Syzygy, revisited

To take my brain-breaks while working for the last few days, I have taken to flicking through Newton’s Principia. Imagine my surprise, after coming across the (gorgeous) term syzygy last week in my CATAM, to discover it on the first page of Newton I read. Very little further reading was needed to discover a host of equally fun words which were apparently common in seventeenth-century writing, including subtense, sagitta, and (my favourite) sesquiplicate, the last being genuinely frequent.

The Latin is very regular and relatively easy to translate compared to humanities, but there are so many barriers to understanding the meaning already that I would not recommend trying it. In fact, even in translation the Principia is another of those great books which no-one who claims to have read can possibly have done so. The notation is obscure, inconsistent, the equations written in words or phrased in ratios, and almost everything that is formulated purely in the style of classical Euclidean geometry.

If there are parts worth reading, I would recommend most the scholium at the end, and the introductions to the books which outline the thinking behind the work, which is well worth spending a bit of time to appreciate. There is only one modern translation in would seem, that of I.B. Cohen and Anne Whitman (reviewed in The British Journal for the History of Science, vol. 33, no. 2 [JSTOR]). Though the very complex philosophical nature of the book makes it understandably hard to represent in modern English, there is much fascinating thought to grapple with at any rate. In any case, regardless of its accuracy as a translation, Cohen provides several hundred pages of guide, an extremely helpful tool.

Finally, as a demonstration that these words are really quite accessible after all, and as guide for using syzygy in your next hand-in, consider this extract:

Liber Tertius. Propositio XXVIII. Problema IX.

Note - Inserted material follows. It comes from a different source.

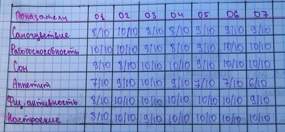 Всем доброго! Как я и обещала в первой части "эксперимента" интервального голодания, что подготовлю вторую часть, где я напишу об общих результатах и стоит ли это делать? Сверху я прикрепила фото в виде таблицы о том, как проходило мое самочувствие, физ. состояние и так далее. И-так, начнем-с.
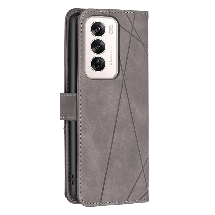 Para Oppo Reno12 Funda de Teléfono de Cuero con Textura de Rombo con Hebilla Magnética Global (Gris)

Invenire diametros Orbis in quo Luna, ſine eccentricitate, moveri deberet

Curvatura Trajectoriæ, quam mobile, ſi ſecundum Trajectoriæ illius perpendiculum trahatur, deſcribit, eſt uc attractio directè &t quadratum velocitatis inversè. Curvaturas linearum pono eſse inter ſe in ultima proportione Sinuum vel Tangentium angulorum contactuum ad radios æquales, ubi radii illi in infinitum diminuuntur. Attractio autem Lunæ in Terram in Syzygiis eſt exceſsus gravitatis ipſius in Terram ſupra vim Solarem 2PX quâ gravitas acceleratrix Lunæ in Solem ſuperat gravitatem acceleratricem Terra in Solem vel ab eâ ſuperatur. In Quadraturis autem attractio illa eſt ſumma gravitatis Lunae in Terram &t vis Solaris KT, quâ Luna in Terram trahitur.

That is,

To find the diameters of the orbit in which the moon would have to move, if there were no eccentricity

The curvature of the trajectory that a moving body describes, if it is attracted in a direction which is everywhere perpendicular to that trajectory, is as the attraction directly and the square of the velocity inversely. I reckon the curvatures of lines as being among themselves in the ultimate ratio of the sines or of the tangents of the angles of contact, with respect to equal radii, when those radii are diminished indefinitely. Now, the attraction of the moon toward the earth in the syzygies is the excess of its gravity toward the earth over the solar force 2PK (as in the figure to prop. 25), by which force the accelerative gravity of the moon toward the sun exceeds the accelerative gravity of the earth toward the sun or is exceeded by it. In the quadrature that attraction is the sum of the gravity of the moon toward the earth and solar force KT (which draws the moon toward the earth).